● **Your task**
From the line that contains "- قیمت خودرو: برای" through the line that contains "Corporate Commercial Bank", output every line of the listing below exactly and leave out all the rest.

● **Data**
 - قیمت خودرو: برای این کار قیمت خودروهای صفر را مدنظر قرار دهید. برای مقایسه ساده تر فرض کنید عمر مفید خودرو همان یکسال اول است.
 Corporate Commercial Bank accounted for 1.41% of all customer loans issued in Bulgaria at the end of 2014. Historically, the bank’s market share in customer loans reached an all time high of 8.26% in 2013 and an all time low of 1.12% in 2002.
==
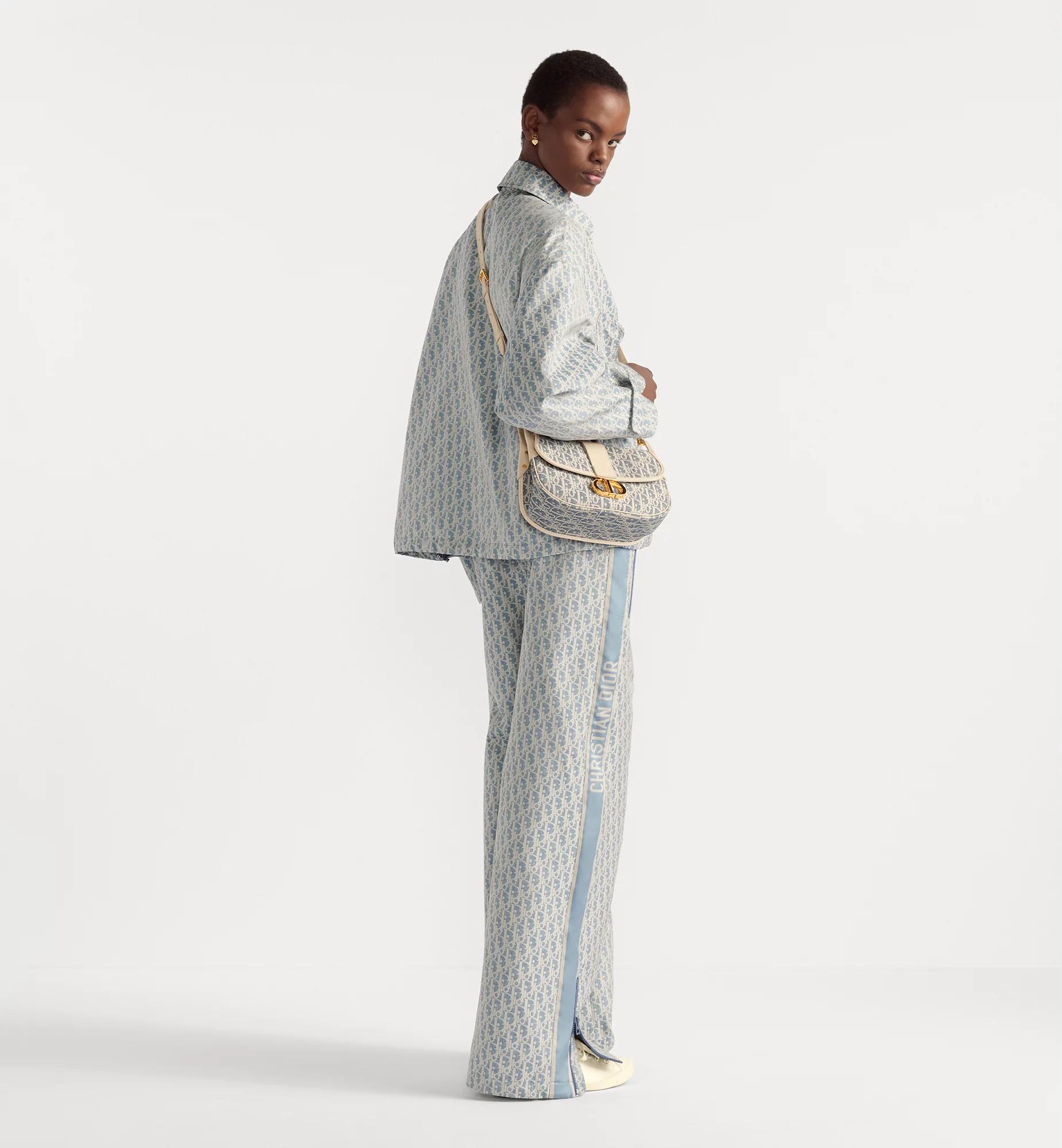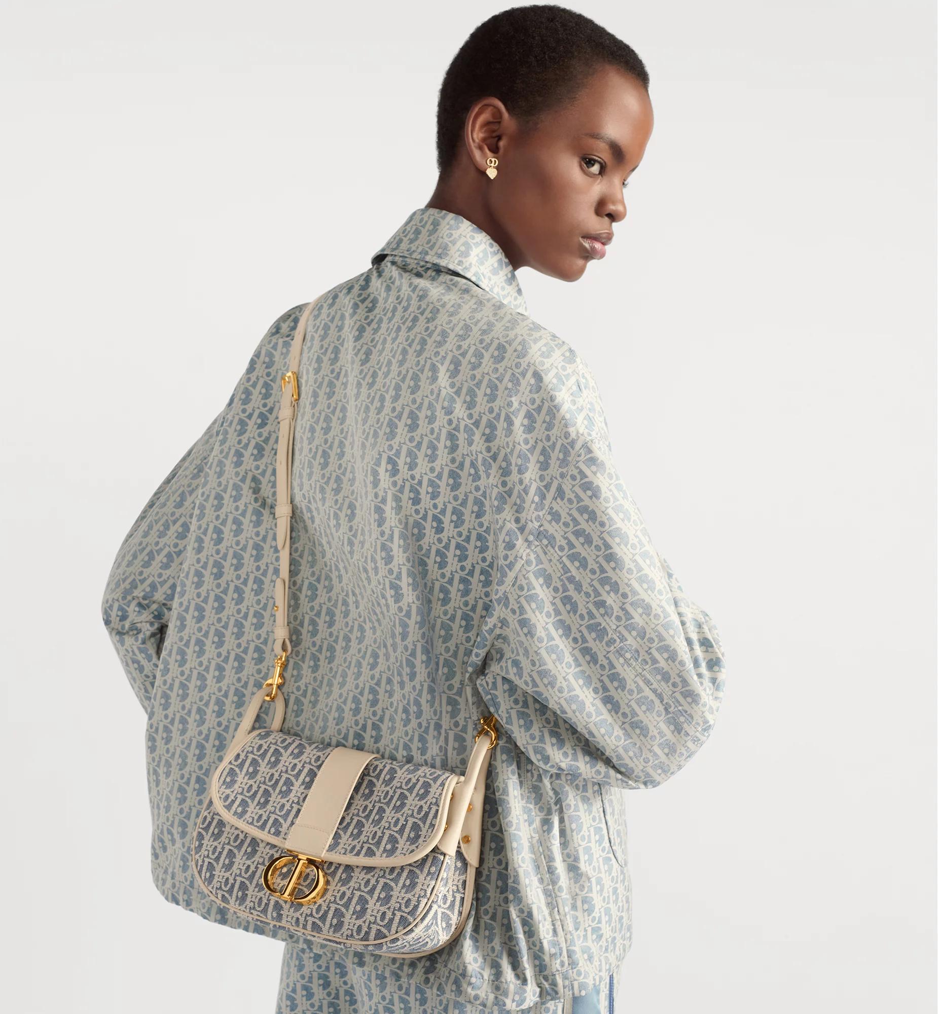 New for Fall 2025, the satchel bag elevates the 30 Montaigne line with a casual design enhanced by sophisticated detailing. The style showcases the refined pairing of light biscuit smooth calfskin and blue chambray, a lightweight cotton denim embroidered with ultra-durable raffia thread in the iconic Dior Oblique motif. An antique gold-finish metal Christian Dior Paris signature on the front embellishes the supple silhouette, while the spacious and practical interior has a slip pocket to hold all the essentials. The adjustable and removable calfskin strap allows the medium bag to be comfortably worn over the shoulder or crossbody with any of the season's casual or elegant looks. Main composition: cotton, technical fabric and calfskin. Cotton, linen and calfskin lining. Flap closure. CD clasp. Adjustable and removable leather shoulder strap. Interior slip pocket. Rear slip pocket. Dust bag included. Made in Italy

● **Finished exercise**
 - قیمت خودرو: برای این کار قیمت خودروهای صفر را مدنظر قرار دهید. برای مقایسه ساده تر فرض کنید عمر مفید خودرو همان یکسال اول است.
 Corporate Commercial Bank accounted for 1.41% of all customer loans issued in Bulgaria at the end of 2014. Historically, the bank’s market share in customer loans reached an all time high of 8.26% in 2013 and an all time low of 1.12% in 2002.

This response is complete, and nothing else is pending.